● Record excerpts:
########################################

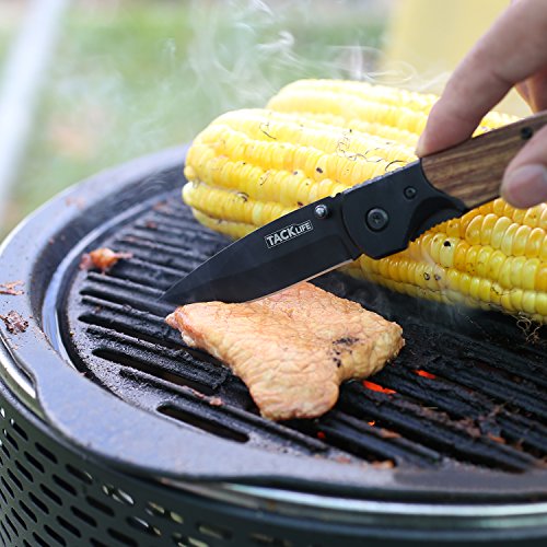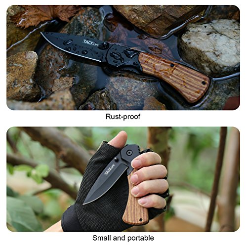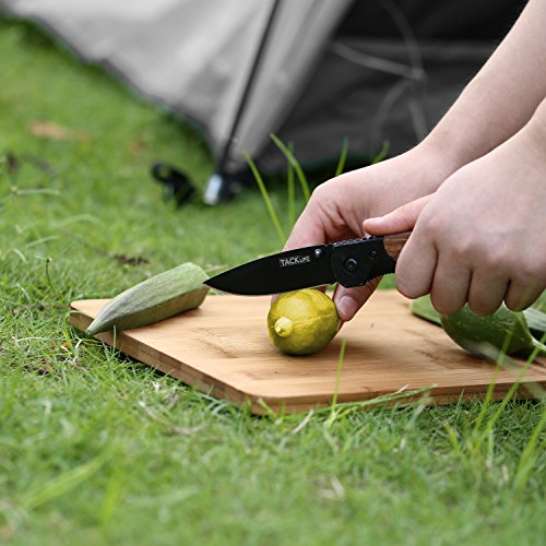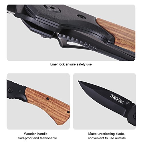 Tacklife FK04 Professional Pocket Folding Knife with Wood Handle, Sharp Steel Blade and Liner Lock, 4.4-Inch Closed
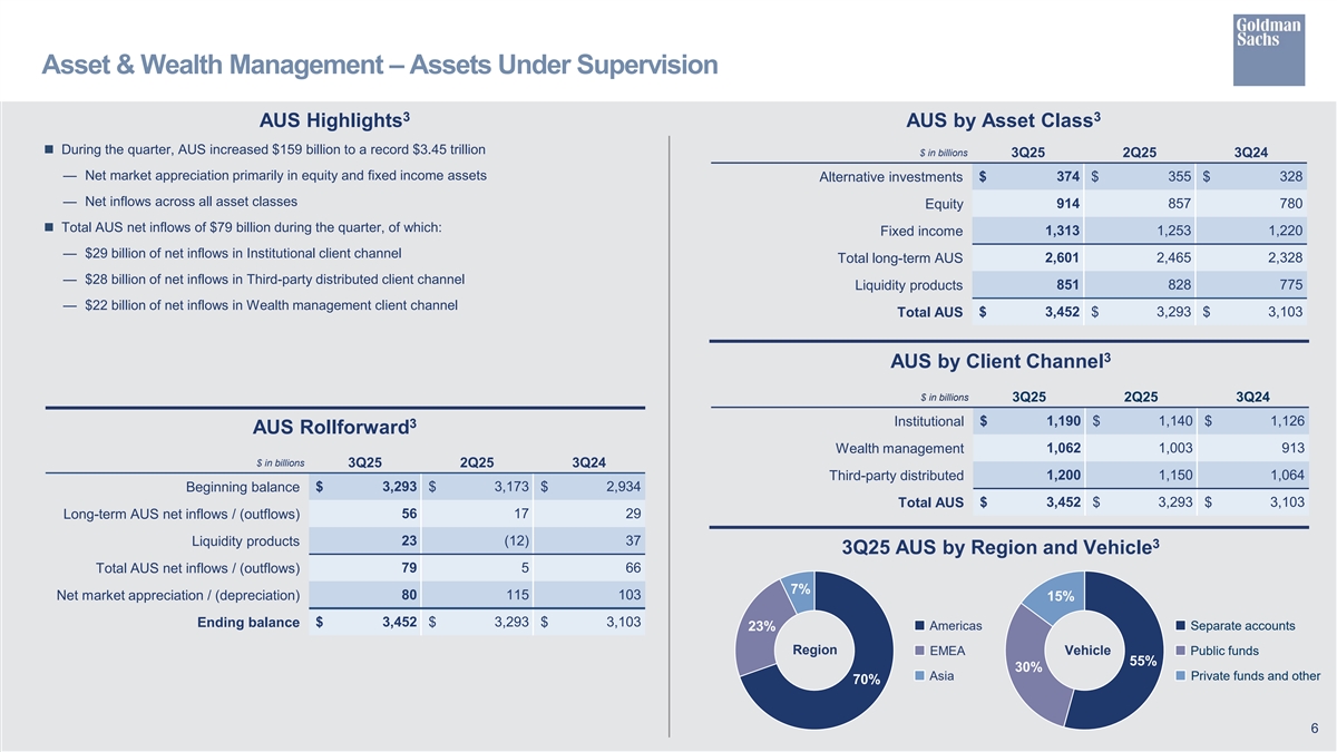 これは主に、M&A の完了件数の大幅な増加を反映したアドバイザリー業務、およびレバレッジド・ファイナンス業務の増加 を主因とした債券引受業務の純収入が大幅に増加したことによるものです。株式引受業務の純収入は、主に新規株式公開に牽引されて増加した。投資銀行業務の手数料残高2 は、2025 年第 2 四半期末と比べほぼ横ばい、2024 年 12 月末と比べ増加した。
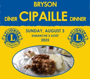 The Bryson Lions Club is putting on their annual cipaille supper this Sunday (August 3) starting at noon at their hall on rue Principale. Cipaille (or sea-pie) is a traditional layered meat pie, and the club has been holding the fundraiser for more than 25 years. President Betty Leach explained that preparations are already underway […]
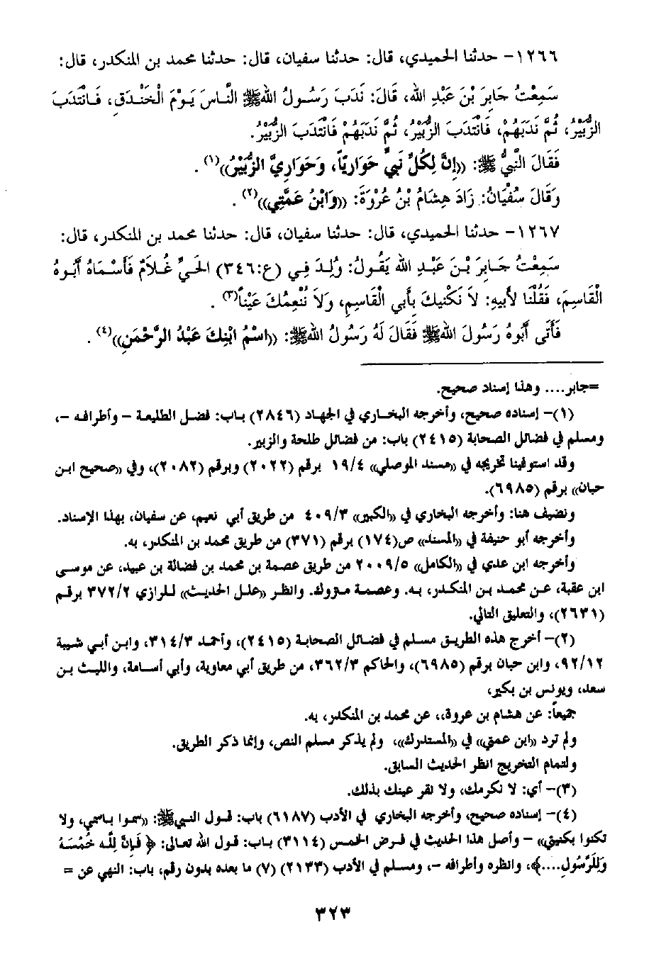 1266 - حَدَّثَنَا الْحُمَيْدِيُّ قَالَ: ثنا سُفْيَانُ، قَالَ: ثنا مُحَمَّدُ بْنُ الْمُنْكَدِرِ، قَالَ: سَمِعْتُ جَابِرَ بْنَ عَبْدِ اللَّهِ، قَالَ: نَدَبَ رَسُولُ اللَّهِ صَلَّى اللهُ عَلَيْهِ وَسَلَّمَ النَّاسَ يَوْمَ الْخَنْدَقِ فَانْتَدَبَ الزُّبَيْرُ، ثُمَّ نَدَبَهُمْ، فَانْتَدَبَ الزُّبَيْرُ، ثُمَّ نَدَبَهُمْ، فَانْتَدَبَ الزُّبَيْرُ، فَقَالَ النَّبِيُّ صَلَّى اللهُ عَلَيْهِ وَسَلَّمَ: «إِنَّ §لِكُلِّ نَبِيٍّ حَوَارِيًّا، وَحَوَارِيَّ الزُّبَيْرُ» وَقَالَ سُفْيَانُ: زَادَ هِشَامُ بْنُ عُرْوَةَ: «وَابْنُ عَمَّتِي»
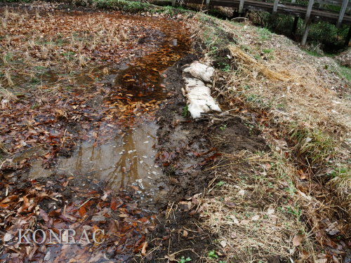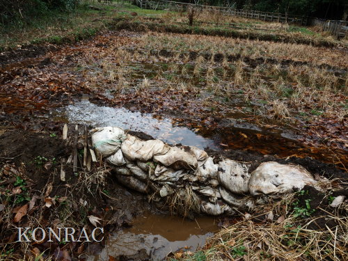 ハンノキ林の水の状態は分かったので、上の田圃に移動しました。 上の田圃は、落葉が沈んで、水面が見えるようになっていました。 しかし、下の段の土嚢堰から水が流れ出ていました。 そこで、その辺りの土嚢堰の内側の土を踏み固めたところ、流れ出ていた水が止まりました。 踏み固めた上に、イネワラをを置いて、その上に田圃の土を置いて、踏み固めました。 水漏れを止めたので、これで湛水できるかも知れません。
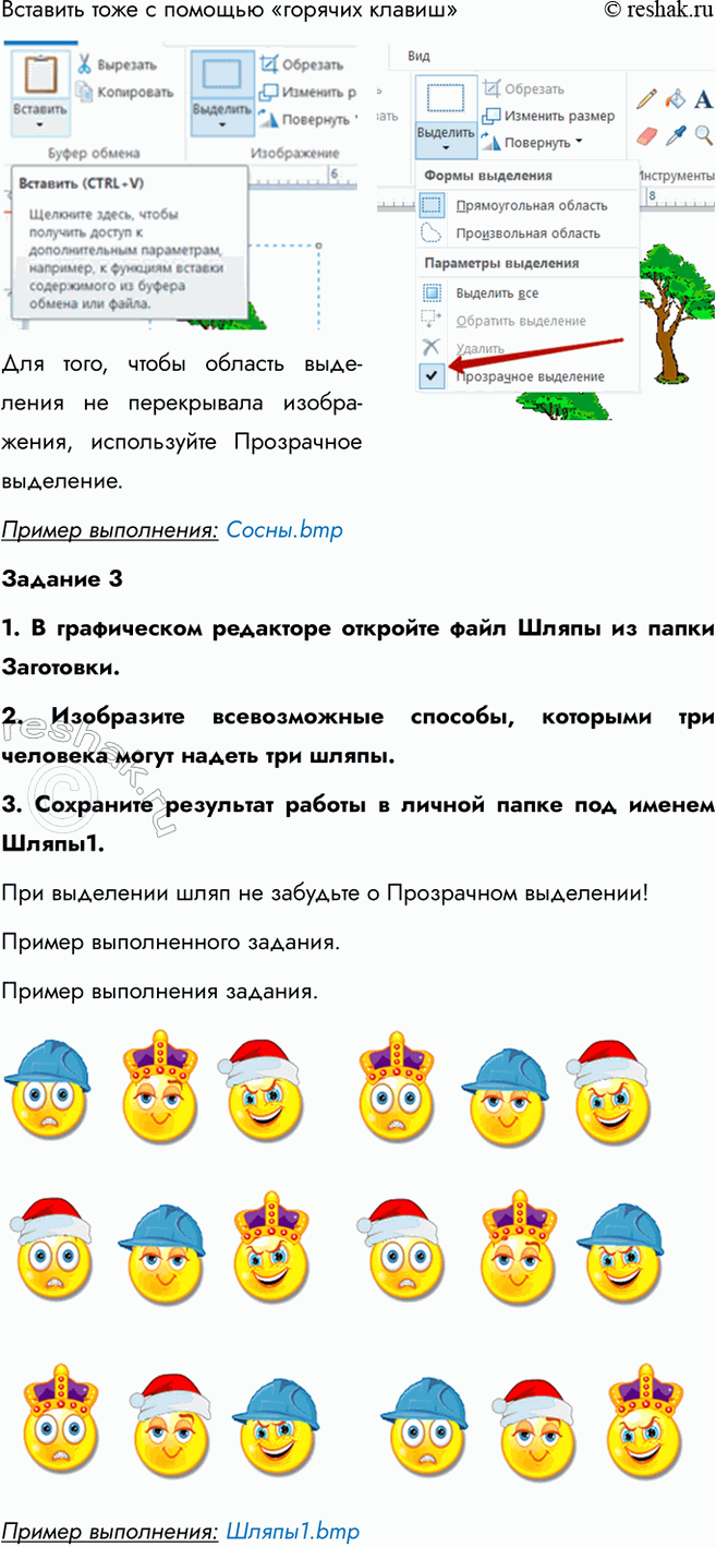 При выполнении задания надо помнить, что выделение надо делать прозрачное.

########################################

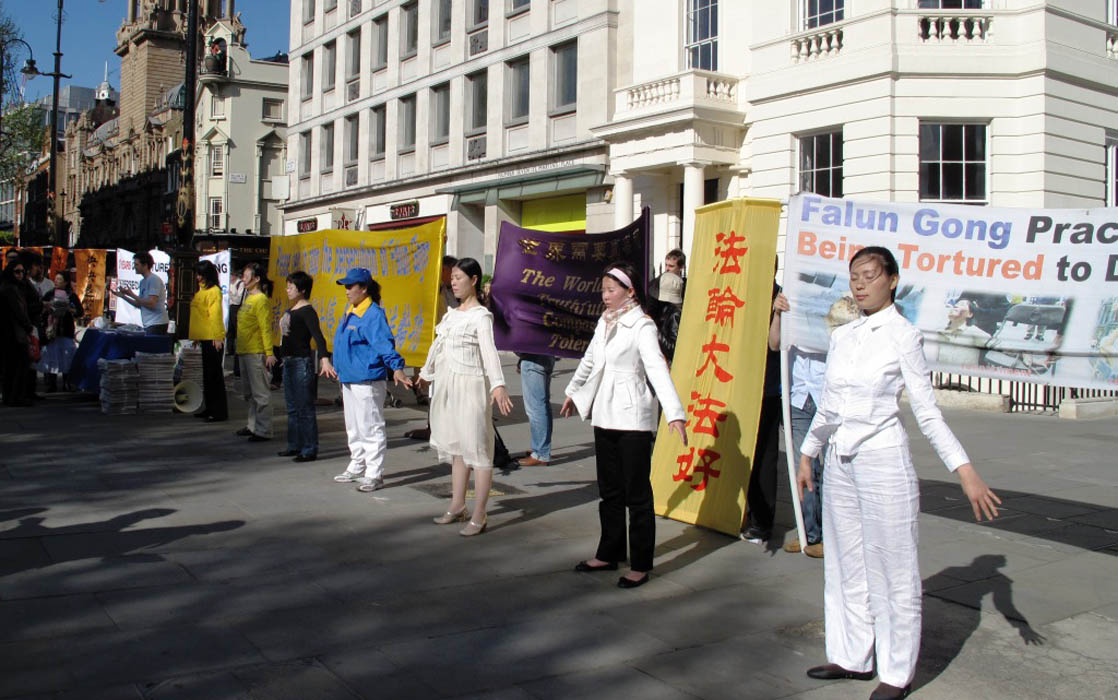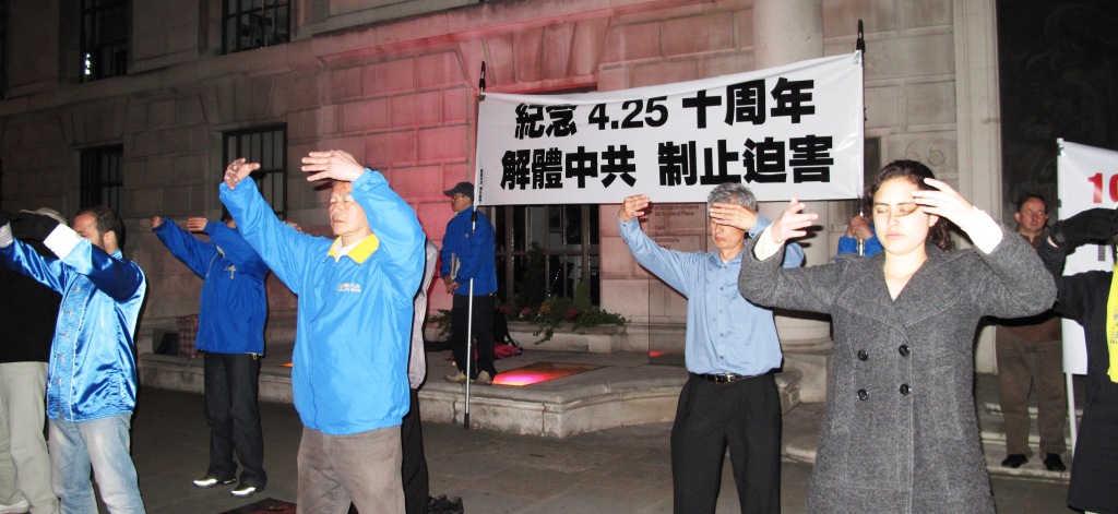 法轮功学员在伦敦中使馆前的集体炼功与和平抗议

########################################

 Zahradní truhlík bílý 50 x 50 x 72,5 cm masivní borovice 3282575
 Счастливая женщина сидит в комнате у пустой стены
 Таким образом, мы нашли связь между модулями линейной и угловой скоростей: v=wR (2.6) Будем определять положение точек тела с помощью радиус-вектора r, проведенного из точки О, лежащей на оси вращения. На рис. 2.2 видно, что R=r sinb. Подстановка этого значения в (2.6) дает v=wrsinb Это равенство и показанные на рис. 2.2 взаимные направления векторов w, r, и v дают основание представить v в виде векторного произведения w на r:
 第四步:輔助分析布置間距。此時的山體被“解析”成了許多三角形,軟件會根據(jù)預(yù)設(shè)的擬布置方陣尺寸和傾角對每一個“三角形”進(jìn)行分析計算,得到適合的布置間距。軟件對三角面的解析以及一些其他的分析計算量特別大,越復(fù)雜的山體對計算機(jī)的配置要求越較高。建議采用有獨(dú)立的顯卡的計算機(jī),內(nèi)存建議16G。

########################################

● What you should do: Each line above starting at the one holding "Tacklife FK04 Professional" and ending at the one holding "年 12 月末と比べ増加した。" should be set down exactly as it stands, both ends included, with no pictures.

● Exercise response:
 Tacklife FK04 Professional Pocket Folding Knife with Wood Handle, Sharp Steel Blade and Liner Lock, 4.4-Inch Closed
 これは主に、M&A の完了件数の大幅な増加を反映したアドバイザリー業務、およびレバレッジド・ファイナンス業務の増加 を主因とした債券引受業務の純収入が大幅に増加したことによるものです。株式引受業務の純収入は、主に新規株式公開に牽引されて増加した。投資銀行業務の手数料残高2 は、2025 年第 2 四半期末と比べほぼ横ばい、2024 年 12 月末と比べ増加した。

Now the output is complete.